Weekly Participation

  • Your initial responses to the mandatory DQ do not count toward participation and are graded separately.
  • In addition to the DQ responses, you must post at least one reply to peers (or me) on three separate days, for a total of three replies.
  • Participation posts do not require a scholarly source/citation (unless you cite someone else’s work).
  • Part of your weekly participation includes viewing the weekly announcement and attesting to watching it in the comments. These announcements are made to ensure you understand everything that is due during the week.

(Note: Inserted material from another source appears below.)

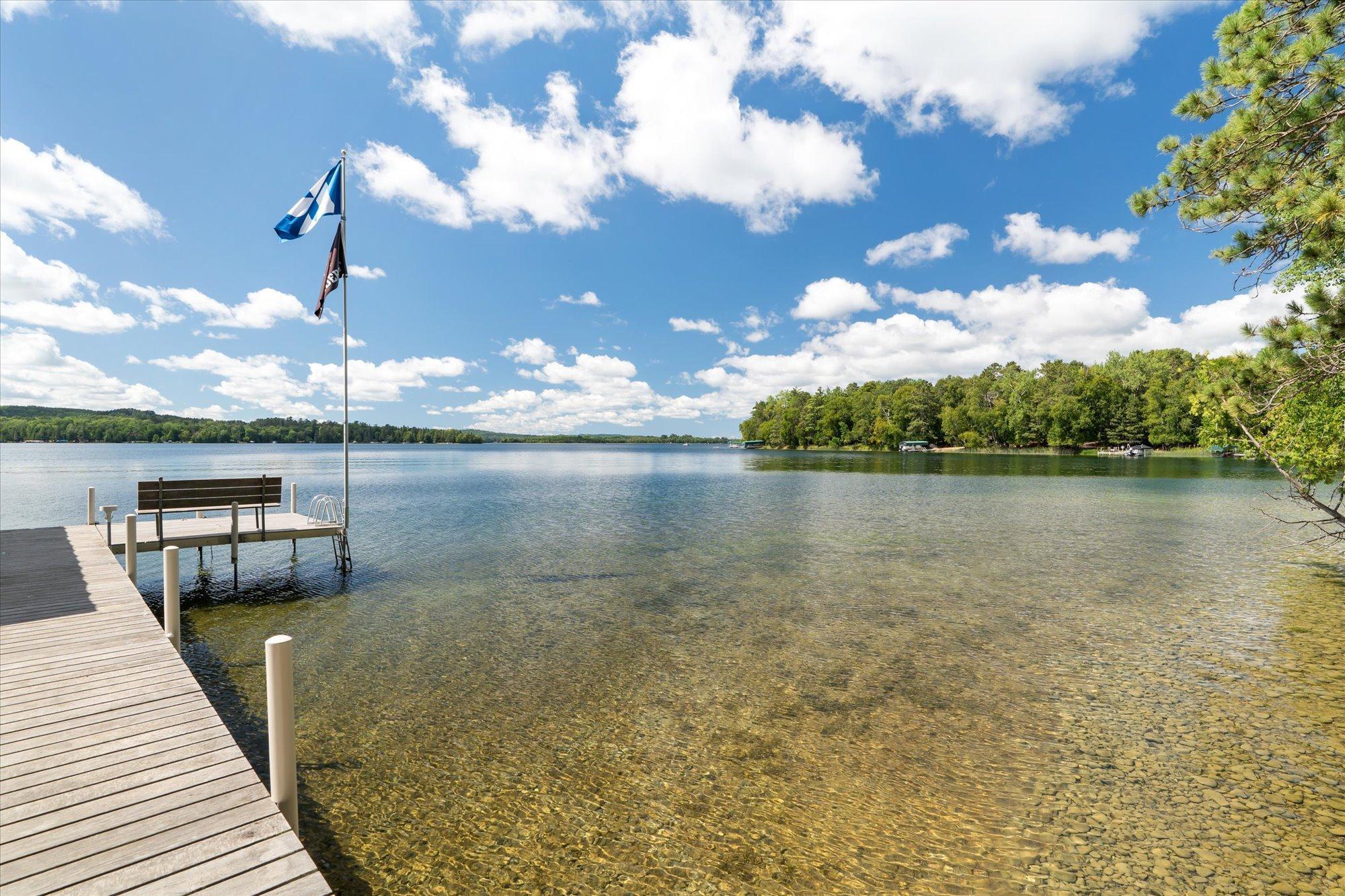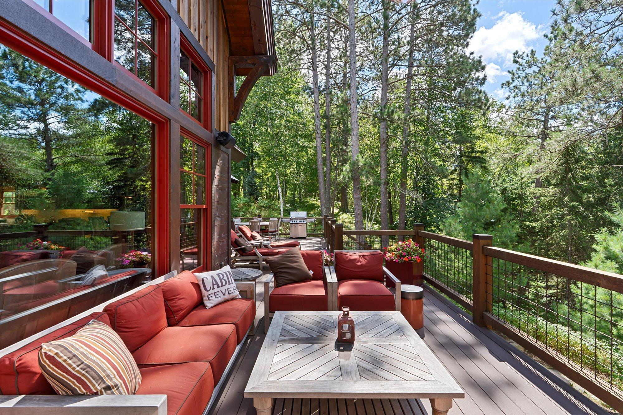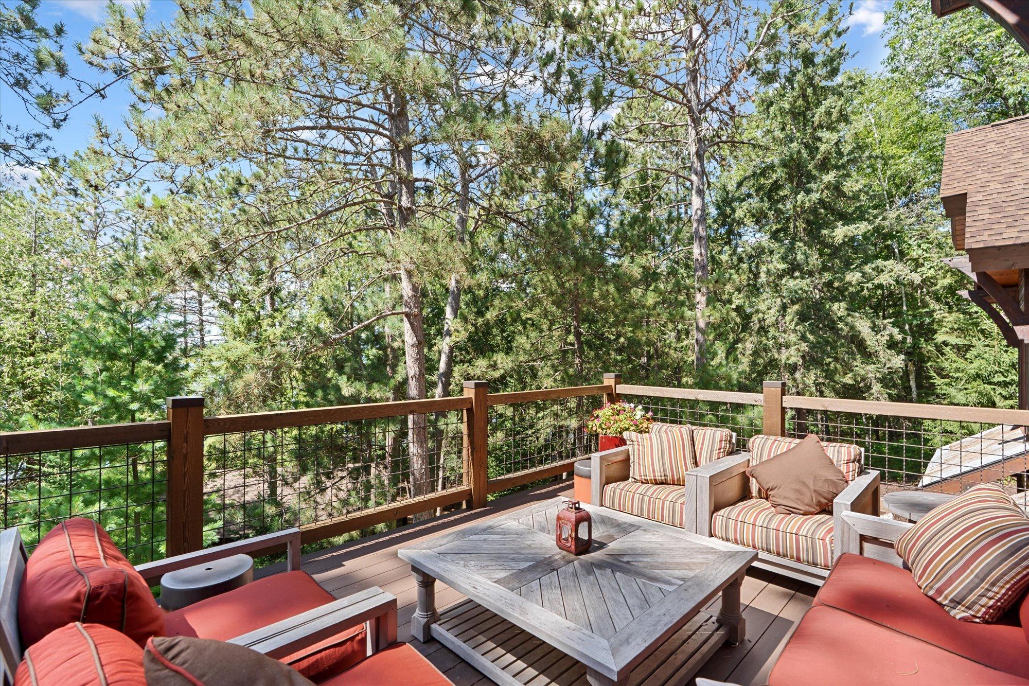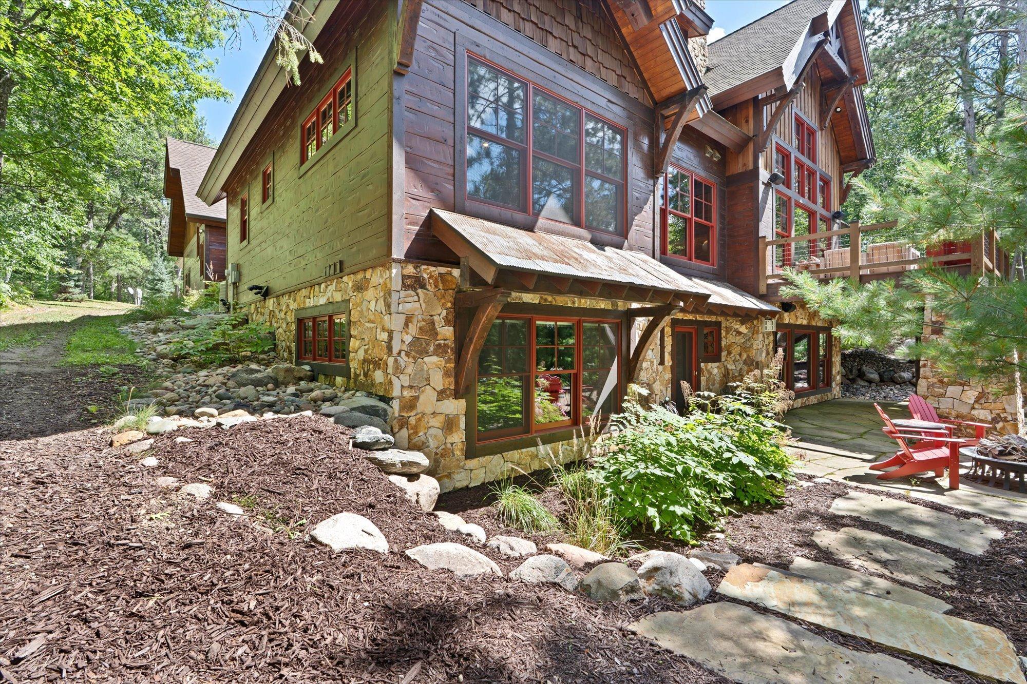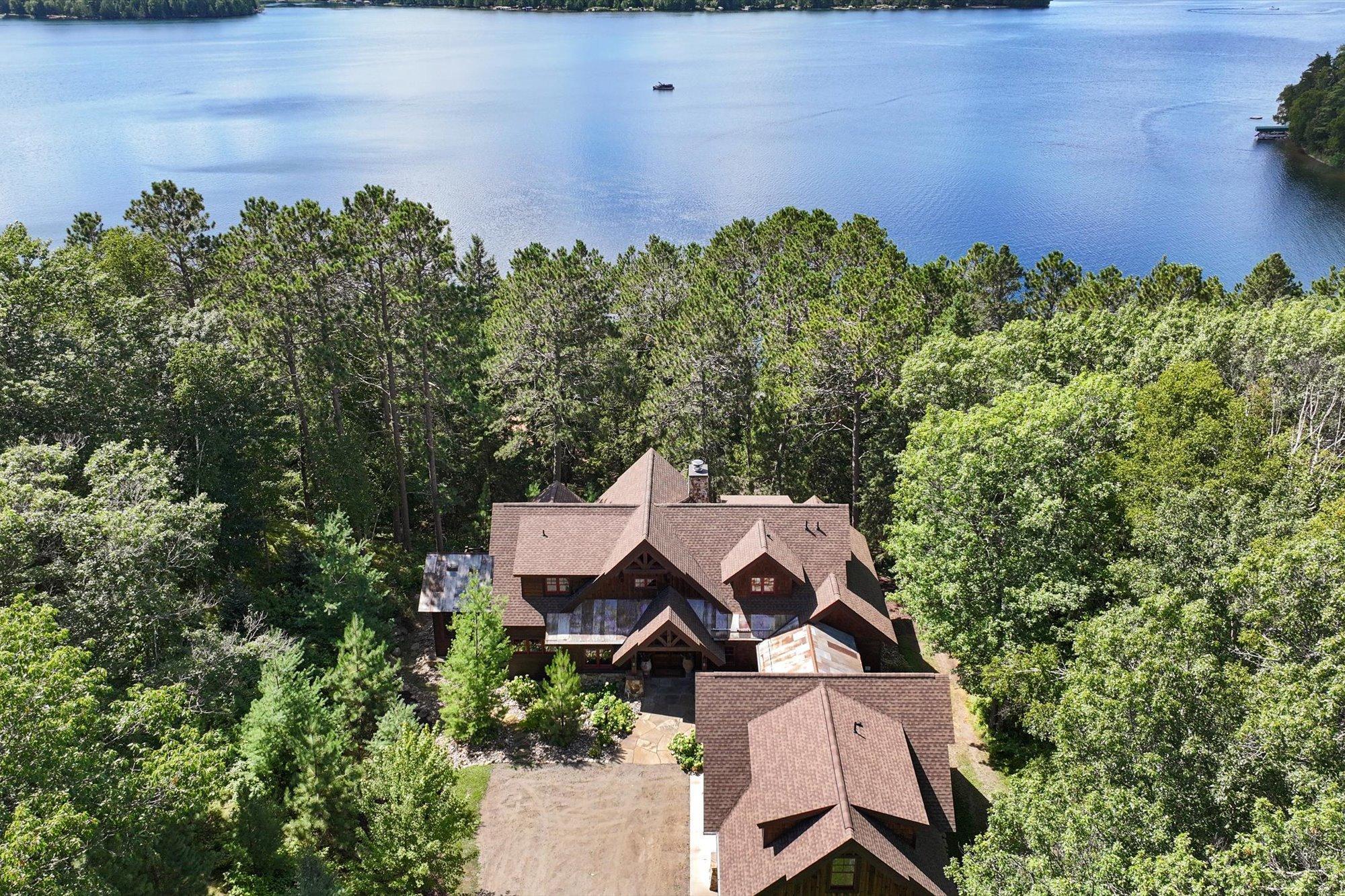 Stunning modern Land’s End constructed lodge on the east shore of Thunder Lake with 5 bedrooms (plus a bunkroom), 8 baths, and approximately 6,000 sq. ft. of living space located on a property that is framed by mature pine and cedar trees with 114 feet of shoreline and 1.6 acres of land. Thoughtfully designed as a timeless lodge with all the modern conveniences, this home offers moderate to level elevation to the shoreline and a lakeside beach house complete with bathroom, screen porch, wet bar, storage and efficiency kitchen. Enjoy the day’s activities or sunsets at the beach in this one of a kind amenity with the living area that can be converted into a screen porch or open air space. The main floor of the home features a private primary suite, den/office, open kitchen and living area, four-season porch, lakeside deck, and a dramatic two-story wood-burning fireplace. These features can be used in all seasons for indoor or outdoor living. Upstairs you’ll find a loft, guest bedrooms and baths, plus a sitting area with views of the lake and surrounding forest. A private guest suite above the garage includes its own kitchen, gathering room, bedroom, and bunk space. The walk-out lower level offers a family room with fireplace, lakeside patio access, bar, wine room, guest suites plus a convenient lakeside locker and private bath. Additional amenities include in-floor heat, tile and hardwood floors, extensive landscaping, timeless interior design, ample storage, and a 3-car garage....all this just off Co. Rd. 6 on the crystal-clear waters of Thunder Lake. This property is situated close to the Chippewa National Forest and Land O' Lakes State Forest to enjoy towering pines, fish-filled lakes, and miles of hiking and ATV trails nearby. It is located between Remer and Outing, so you can go shopping, golfing, and more. This serene and picturesque property is being sold furnished (with an exclusion list) so it will be ready for you to start making incredible memories of your time on Thunder Lake, taking in spectacular sunsets at the dock, going on excellent fishing adventures, and boating to a local restaurant for dinner. There are so many reasons to come and see this one. Schedule your private shoreline tour this weekend and experience the charm and tranquility of this remarkable property firsthand.

APA Format and Writing Quality

  • Familiarize yourself with APA format and practice using it correctly. It is used for most writing assignments for your degree. Visit the Writing Center in the Student Success Center, under the Resources tab in LoudCloud for APA paper templates, citation examples, tips, etc. Points will be deducted for poor use of APA format or absence of APA format (if required).
  • Cite all sources of information! When in doubt, cite the source. Paraphrasing also requires a citation.
  • I highly recommend using the APA Publication Manual, 6th edition.

Use of Direct Quotes

  • I discourage overutilization of direct quotes in DQs and assignments at the Masters’ level and deduct points accordingly.
  • As Masters’ level students, it is important that you be able to critically analyze and interpret information from journal articles and other resources. Simply restating someone else’s words does not demonstrate an understanding of the content or critical analysis of the content.
  • It is best to paraphrase content and cite your source.

LopesWrite Policy

  • For assignments that need to be submitted to LopesWrite, please be sure you have received your report and Similarity Index (SI) percentage BEFORE you do a “final submit” to me.
  • Once you have received your report, please review it. This report will show you grammatical, punctuation, and spelling errors that can easily be fixed. Take the extra few minutes to review instead of getting counted off for these mistakes.
  • Review your similarities. Did you forget to cite something? Did you not paraphrase well enough? Is your paper made up of someone else’s thoughts more than your own?
  • Visit the Writing Center in the Student Success Center, under the Resources tab in LoudCloud for tips on improving your paper and SI score.

Late Policy

  • The university’s policy on late assignments is 10% penalty PER DAY LATE. This also applies to late DQ replies.
  • Please communicate with me if you anticipate having to submit an assignment late. I am happy to be flexible, with advance notice. We may be able to work out an extension based on extenuating circumstances.
  • If you do not communicate with me before submitting an assignment late, the GCU late policy will be in effect.
  • I do not accept assignments that are two or more weeks late unless we have worked out an extension.
  • As per policy, no assignments are accepted after the last day of class. Any assignment submitted after midnight on the last day of class will not be accepted for grading.

Communication

  • Communication is so very important. There are multiple ways to communicate with me:
  • Questions to Instructor Forum: This is a great place to ask course content or assignment questions. If you have a question, there is a good chance one of your peers does as well. This is a public forum for the class.
  • Individual Forum: This is a private forum to ask me questions or send me messages. This will be checked at least once every 24 hours.